-- Exercise data follows --
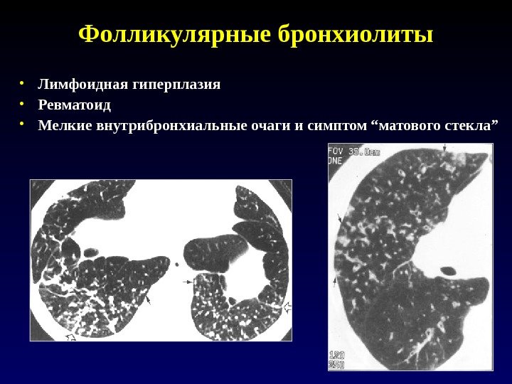 Фолликулярные бронхиолиты • Лимфоидная гиперплазия • Ревматоид • Мелкие внутрибронхиальные очаги и симптом “матового стекла”
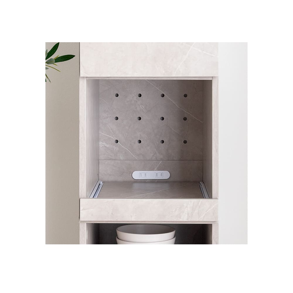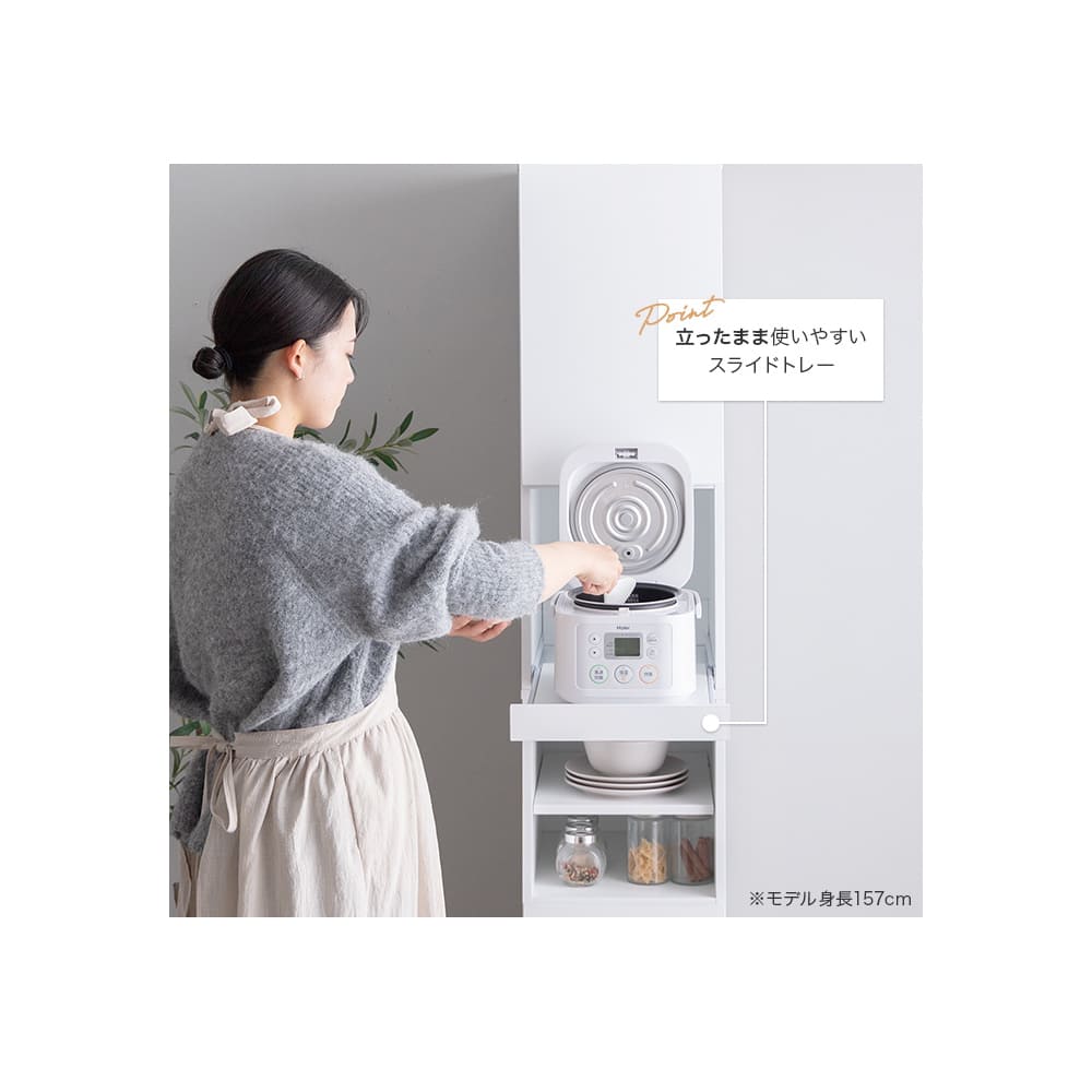スライドトレーは炊飯器やポットを立ったまま楽に操作でき、背面の通気孔と2口コンセントで蒸気や配線の悩みも解決。
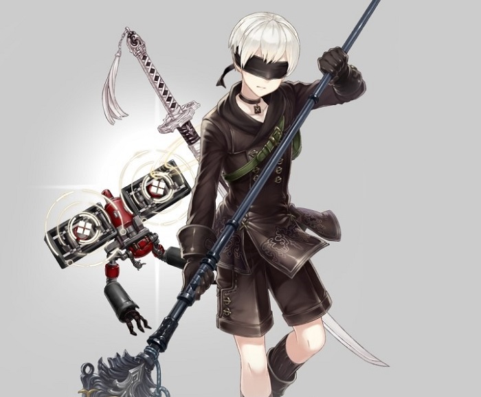 요르하의 남성형 안드로이드 기체 '9S'. 포지션은 창을 사용하는 '팔라딘', 캐릭터 키워드는 '고독'.
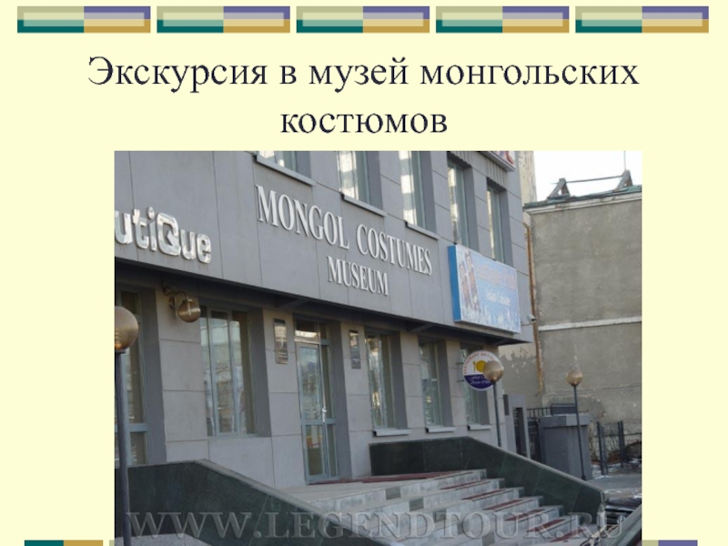 Слайд 16Музей национальных монгольских костюмов расположен рядом с центральной площадью Улан-Батора. Представлены
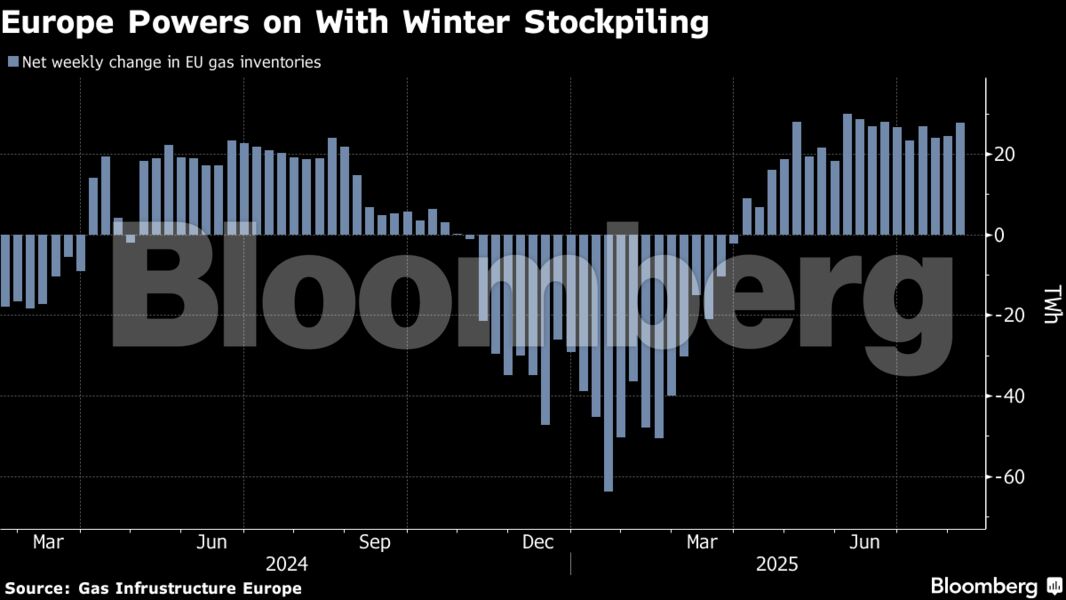 Η Ευρώπη καταβάλλει προσπάθειες να διασφαλίσει επαρκή αποθέματα, με τα νεότερα στοιχεία της Gas Infrastructure Europe να δείχνουν τη μεγαλύτερη εβδομαδιαία άνοδο από τον Ιούνιο. Η αύξηση αυτή συμβάλλει στην αποτροπή ανόδου τιμών, παρότι ο Πρόεδρος των ΗΠΑ Ντόναλντ Τραμπ εντείνει τις πιέσεις προς την Ινδία με απειλές κυρώσεων για αγορές ρωσικού πετρελαίου, εν όψει της κρίσιμης προθεσμίας της 8ης Αυγούστου για επίτευξη εκεχειρίας με την Ουκρανία.
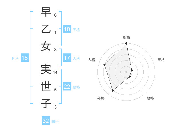 早乙女 実世子さんの総格は32画の5点!
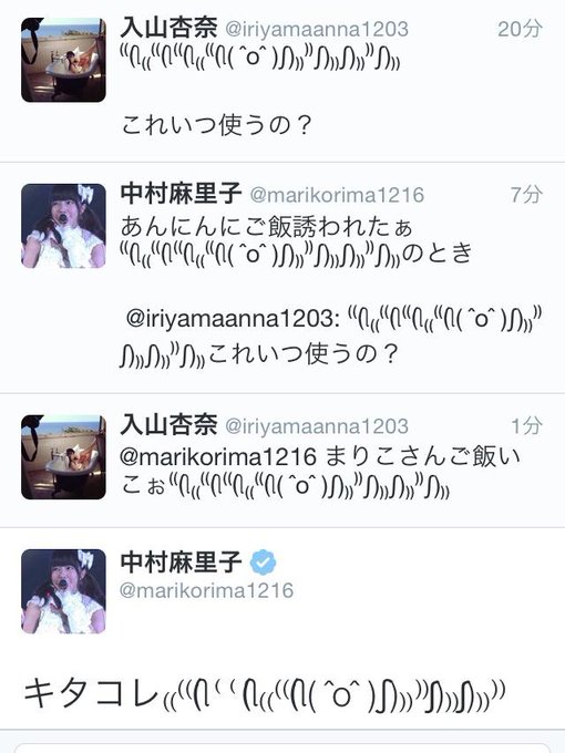 中村麻里子@marikorima1216 あんにんにご飯誘われたぁ⁽⁽(ી₍₍⁽⁽(ી⁽⁽(ી₍₍⁽⁽(ી( ˆoˆ )ʃ)₎₎⁾⁾ʃ)₎₎ʃ)₎₎⁾⁾ʃ)₎₎のとき
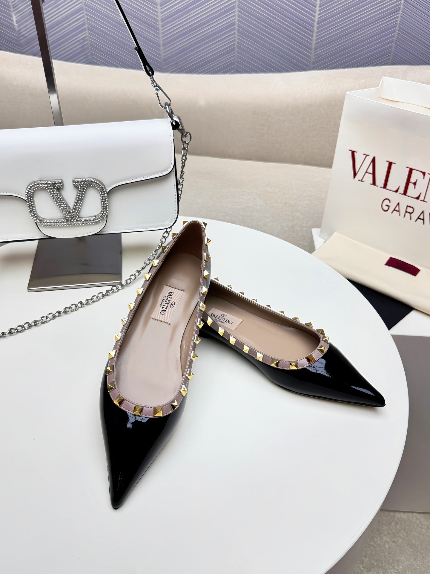 ROCKSTUD FLAT PUMP IN BLACK CALFSKIN
-- Exercise data concluded --
Exercise brief:
All of the entries above are to be duplicated exactly, with every image left out.

Task solution:
 Фолликулярные бронхиолиты • Лимфоидная гиперплазия • Ревматоид • Мелкие внутрибронхиальные очаги и симптом “матового стекла”
スライドトレーは炊飯器やポットを立ったまま楽に操作でき、背面の通気孔と2口コンセントで蒸気や配線の悩みも解決。
 요르하의 남성형 안드로이드 기체 '9S'. 포지션은 창을 사용하는 '팔라딘', 캐릭터 키워드는 '고독'.
 Слайд 16Музей национальных монгольских костюмов расположен рядом с центральной площадью Улан-Батора. Представлены
 Η Ευρώπη καταβάλλει προσπάθειες να διασφαλίσει επαρκή αποθέματα, με τα νεότερα στοιχεία της Gas Infrastructure Europe να δείχνουν τη μεγαλύτερη εβδομαδιαία άνοδο από τον Ιούνιο. Η αύξηση αυτή συμβάλλει στην αποτροπή ανόδου τιμών, παρότι ο Πρόεδρος των ΗΠΑ Ντόναλντ Τραμπ εντείνει τις πιέσεις προς την Ινδία με απειλές κυρώσεων για αγορές ρωσικού πετρελαίου, εν όψει της κρίσιμης προθεσμίας της 8ης Αυγούστου για επίτευξη εκεχειρίας με την Ουκρανία.
 早乙女 実世子さんの総格は32画の5点!
 中村麻里子@marikorima1216 あんにんにご飯誘われたぁ⁽⁽(ી₍₍⁽⁽(ી⁽⁽(ી₍₍⁽⁽(ી( ˆoˆ )ʃ)₎₎⁾⁾ʃ)₎₎ʃ)₎₎⁾⁾ʃ)₎₎のとき
 ROCKSTUD FLAT PUMP IN BLACK CALFSKIN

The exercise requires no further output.